GST Reduction Welcome, But Insufficient
In September 2025, the 56th GST Council reduced GST on tractors from 12% to 5%. GST on tractor tyres, tubes, and spare parts was also cut from 18% to 5%. This helped tractor sales touch a record 10.50 lakh units in the financial year 2025-26. However, purchasing a tractor is a one-time expense, while diesel consumption is a daily necessity. Over a tractor’s lifespan of 15-20 years, the cumulative tax burden on diesel far exceeds the savings gained from GST reductions.
Tax Treatment of Agricultural Diesel Across the World
Germany: From January 1, 2026, introduced an agricultural diesel rebate of 21.48 euro cents per litre, providing annual relief of around Rs 4,000 crore.
France: In April 2026, suspended all excise duties on agricultural diesel for one month.
United Kingdom: Offers an 80% tax concession on “red diesel” (10.18 pence versus 52.95 pence per litre).
Ireland: A special fund of 100 million euros provides a subsidy of 20 cents per litre on diesel from March to July 2026.
Australia: Under the Fuel Tax Credit (FTC) system, excise duty on diesel used in agriculture is fully refunded.
Canada (Saskatchewan): Farmers receive an 80% tax rebate on diesel.
South Africa: From April 1, 2026, introduced a 100% rebate for agriculture and forestry.
United States and Canada: Lower tax rates apply to coloured diesel used for off-road purposes.
Serbia: Registered farmers receive diesel at subsidised prices.
The Economics of Tax Reform
The excise duty cuts announced in March 2026 are estimated to cause a revenue loss of nearly Rs 1 lakh crore in the financial year 2027. Under this pressure, the government again increased the Special Additional Excise Duty (SAED) and the Road and Infrastructure Cess (RIC) in April 2026. The question is whether it is fair to compensate for this revenue loss at the expense of farmers.
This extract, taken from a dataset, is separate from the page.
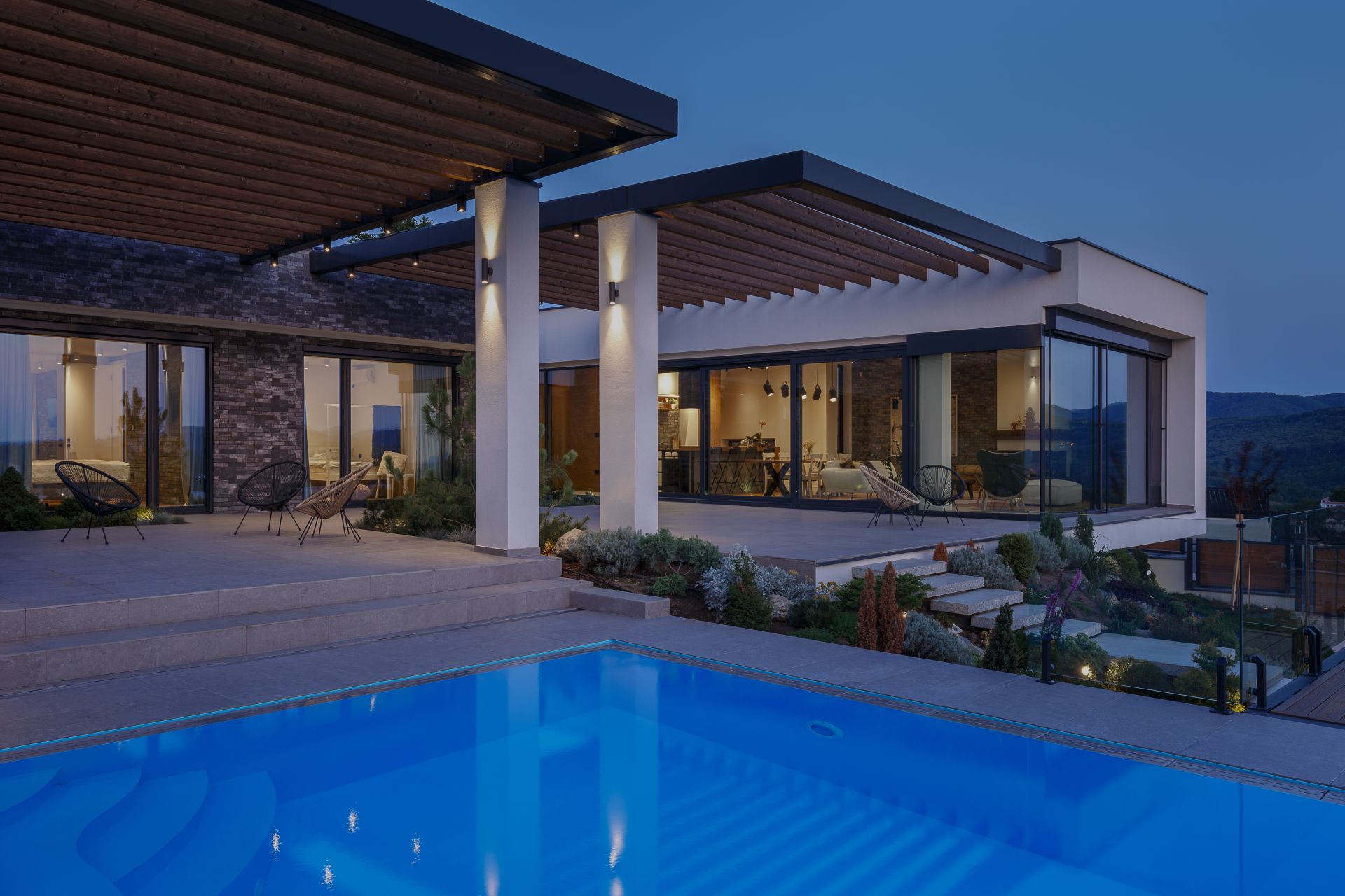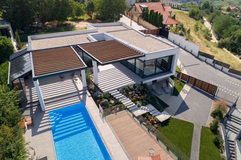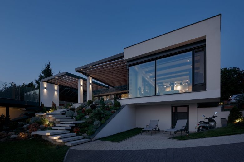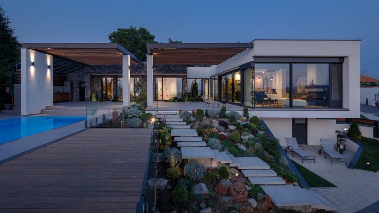 Kuća je pozicionirana na najvišem delu parcele i najbliže ulici, kako bi se omogućile najlepše vizure.

One possible solution exists: the central government could compensate states for VAT reductions on agricultural diesel, similar to the GST revenue compensation mechanism.
Three Demands of Farmers
First demand: Zero tax on diesel used in tractors. Like Europe, Canada, and Australia, India should introduce a “red diesel” or tax credit system under which excise duty paid by farmers is refunded.
Second demand: End the practice of classifying tractors on par with luxury cars. Parliament should create an independent legal category for tractors as “agricultural equipment.”
Third demand: Exempt agricultural diesel from the Road and Infrastructure Cess. Ensure transparent utilisation of the Agriculture Infrastructure Development Cess. The central government should write to states urging them to reduce VAT on agricultural diesel to 1-4%.
For small farmers, fuel expenses account for 12-18% of total production costs. Tax exemptions could save each farming family around Rs 4,000-5,000 annually. Agriculture contributes 18% to India’s GDP. According to the FAO, nearly 70 crore Indians cannot afford nutritious food. The annual tax burden per tractor exceeds Rs 56,000. The government allocates budgetary support to airlines in the “public interest,” is food production not in the public interest?
(The author is the President of the All India Kisan Sabha. The views expressed in the article are personal.)